[Start of section]

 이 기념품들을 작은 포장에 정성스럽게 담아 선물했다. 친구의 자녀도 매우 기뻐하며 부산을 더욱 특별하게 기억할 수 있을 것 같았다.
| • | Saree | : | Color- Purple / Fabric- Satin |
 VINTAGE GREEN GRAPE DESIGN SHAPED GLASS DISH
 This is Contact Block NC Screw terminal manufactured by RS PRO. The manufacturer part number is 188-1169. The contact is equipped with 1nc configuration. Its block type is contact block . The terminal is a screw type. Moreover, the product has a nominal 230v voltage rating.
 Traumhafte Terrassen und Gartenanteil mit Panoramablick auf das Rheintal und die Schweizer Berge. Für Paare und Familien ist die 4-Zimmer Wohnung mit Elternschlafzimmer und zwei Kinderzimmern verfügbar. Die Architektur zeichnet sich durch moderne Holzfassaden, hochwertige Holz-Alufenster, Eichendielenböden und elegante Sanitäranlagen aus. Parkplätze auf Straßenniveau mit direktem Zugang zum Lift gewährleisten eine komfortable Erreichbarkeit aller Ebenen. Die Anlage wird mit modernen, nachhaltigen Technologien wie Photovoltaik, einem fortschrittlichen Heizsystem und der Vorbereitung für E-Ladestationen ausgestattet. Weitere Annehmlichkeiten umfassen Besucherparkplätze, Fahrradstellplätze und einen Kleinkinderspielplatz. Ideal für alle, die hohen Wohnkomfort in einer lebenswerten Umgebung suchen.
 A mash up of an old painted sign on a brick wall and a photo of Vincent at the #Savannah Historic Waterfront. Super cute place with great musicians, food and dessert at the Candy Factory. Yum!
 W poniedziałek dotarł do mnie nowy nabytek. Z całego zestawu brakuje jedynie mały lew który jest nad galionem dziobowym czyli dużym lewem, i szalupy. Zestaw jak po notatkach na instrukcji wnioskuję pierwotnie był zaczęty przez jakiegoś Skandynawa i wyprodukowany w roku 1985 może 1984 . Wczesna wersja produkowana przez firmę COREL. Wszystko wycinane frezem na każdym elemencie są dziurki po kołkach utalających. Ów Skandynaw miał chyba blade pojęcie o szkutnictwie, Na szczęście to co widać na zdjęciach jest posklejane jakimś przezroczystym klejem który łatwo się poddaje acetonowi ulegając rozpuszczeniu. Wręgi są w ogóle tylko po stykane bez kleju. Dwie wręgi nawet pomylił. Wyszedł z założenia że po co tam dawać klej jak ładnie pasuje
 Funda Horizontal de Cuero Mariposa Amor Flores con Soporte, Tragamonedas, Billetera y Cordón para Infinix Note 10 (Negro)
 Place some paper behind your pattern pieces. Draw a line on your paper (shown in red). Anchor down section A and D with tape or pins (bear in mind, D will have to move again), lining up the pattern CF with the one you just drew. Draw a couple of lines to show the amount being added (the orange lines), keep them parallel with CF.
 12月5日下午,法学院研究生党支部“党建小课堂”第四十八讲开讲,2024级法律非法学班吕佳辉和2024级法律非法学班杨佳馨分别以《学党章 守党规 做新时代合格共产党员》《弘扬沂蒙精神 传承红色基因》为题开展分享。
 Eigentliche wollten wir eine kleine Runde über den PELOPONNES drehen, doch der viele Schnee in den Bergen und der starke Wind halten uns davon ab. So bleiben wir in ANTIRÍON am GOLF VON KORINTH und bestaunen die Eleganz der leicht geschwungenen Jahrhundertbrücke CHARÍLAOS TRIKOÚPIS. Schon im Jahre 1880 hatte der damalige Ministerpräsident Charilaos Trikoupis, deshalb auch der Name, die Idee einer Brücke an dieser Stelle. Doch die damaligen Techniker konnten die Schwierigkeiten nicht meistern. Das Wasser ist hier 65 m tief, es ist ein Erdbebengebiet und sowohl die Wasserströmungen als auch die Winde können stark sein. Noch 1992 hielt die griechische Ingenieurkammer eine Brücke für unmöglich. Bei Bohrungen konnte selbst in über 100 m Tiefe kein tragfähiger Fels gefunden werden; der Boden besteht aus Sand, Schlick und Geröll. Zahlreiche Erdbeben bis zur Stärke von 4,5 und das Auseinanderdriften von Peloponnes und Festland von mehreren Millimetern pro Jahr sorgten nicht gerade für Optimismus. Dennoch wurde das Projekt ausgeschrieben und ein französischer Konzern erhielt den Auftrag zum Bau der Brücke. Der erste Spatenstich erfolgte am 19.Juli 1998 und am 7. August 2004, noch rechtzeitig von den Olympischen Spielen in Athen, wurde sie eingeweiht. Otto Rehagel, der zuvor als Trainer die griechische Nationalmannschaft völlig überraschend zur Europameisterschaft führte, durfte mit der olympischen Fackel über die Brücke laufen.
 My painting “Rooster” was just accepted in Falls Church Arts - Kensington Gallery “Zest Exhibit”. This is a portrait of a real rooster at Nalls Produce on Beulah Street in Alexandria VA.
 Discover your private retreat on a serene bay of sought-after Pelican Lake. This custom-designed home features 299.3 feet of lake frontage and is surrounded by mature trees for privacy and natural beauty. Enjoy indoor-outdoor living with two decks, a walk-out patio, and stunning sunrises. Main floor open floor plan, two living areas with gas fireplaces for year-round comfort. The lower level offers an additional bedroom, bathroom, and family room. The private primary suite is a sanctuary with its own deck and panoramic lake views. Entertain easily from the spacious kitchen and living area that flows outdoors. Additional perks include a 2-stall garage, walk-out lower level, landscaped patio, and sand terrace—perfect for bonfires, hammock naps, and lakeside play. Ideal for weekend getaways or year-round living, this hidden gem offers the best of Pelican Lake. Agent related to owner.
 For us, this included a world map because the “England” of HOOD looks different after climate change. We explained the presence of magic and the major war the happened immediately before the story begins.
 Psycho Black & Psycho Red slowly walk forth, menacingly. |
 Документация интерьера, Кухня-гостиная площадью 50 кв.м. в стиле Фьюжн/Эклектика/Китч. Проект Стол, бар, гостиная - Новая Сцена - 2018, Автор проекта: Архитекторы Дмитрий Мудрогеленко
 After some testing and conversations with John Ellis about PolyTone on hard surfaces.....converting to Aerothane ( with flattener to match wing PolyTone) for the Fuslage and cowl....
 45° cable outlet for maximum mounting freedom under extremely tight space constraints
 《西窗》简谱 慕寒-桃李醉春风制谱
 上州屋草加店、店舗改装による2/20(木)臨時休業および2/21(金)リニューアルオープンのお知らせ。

[End of section]

**What you will do**
Among the records above, a stretch begins at the line containing "Funda Horizontal de" and ends at the line containing "Place some paper". Restate that stretch word for word, and nothing else.

**Completed task**
 Funda Horizontal de Cuero Mariposa Amor Flores con Soporte, Tragamonedas, Billetera y Cordón para Infinix Note 10 (Negro)
 Place some paper behind your pattern pieces. Draw a line on your paper (shown in red). Anchor down section A and D with tape or pins (bear in mind, D will have to move again), lining up the pattern CF with the one you just drew. Draw a couple of lines to show the amount being added (the orange lines), keep them parallel with CF.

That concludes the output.